Given information: Begin

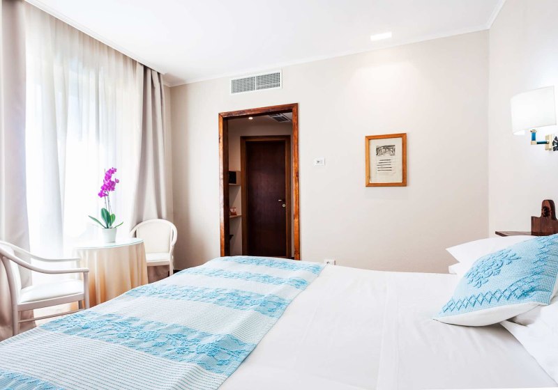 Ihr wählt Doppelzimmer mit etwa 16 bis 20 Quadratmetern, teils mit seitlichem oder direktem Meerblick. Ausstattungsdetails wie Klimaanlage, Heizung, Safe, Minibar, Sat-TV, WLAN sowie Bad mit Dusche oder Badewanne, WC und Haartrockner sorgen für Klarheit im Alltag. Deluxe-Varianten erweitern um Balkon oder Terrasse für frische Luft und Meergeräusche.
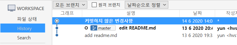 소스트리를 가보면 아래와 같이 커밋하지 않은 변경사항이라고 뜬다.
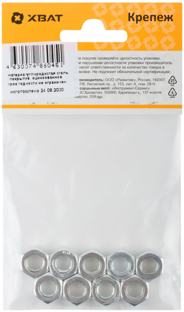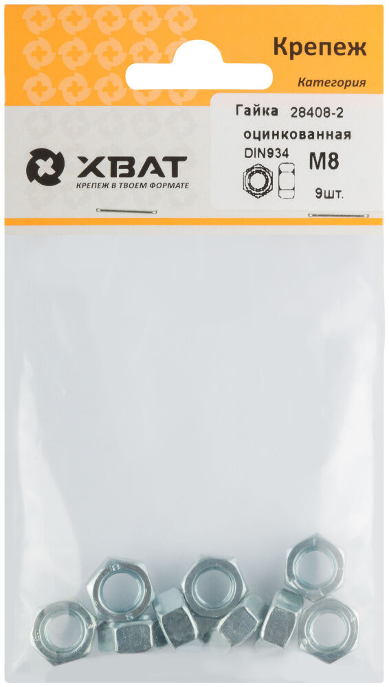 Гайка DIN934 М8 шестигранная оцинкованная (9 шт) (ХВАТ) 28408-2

Given information: End

Task: Please return the listing above exactly and leave every picture out.

Exercise result:
 Ihr wählt Doppelzimmer mit etwa 16 bis 20 Quadratmetern, teils mit seitlichem oder direktem Meerblick. Ausstattungsdetails wie Klimaanlage, Heizung, Safe, Minibar, Sat-TV, WLAN sowie Bad mit Dusche oder Badewanne, WC und Haartrockner sorgen für Klarheit im Alltag. Deluxe-Varianten erweitern um Balkon oder Terrasse für frische Luft und Meergeräusche.
 소스트리를 가보면 아래와 같이 커밋하지 않은 변경사항이라고 뜬다.
 Гайка DIN934 М8 шестигранная оцинкованная (9 шт) (ХВАТ) 28408-2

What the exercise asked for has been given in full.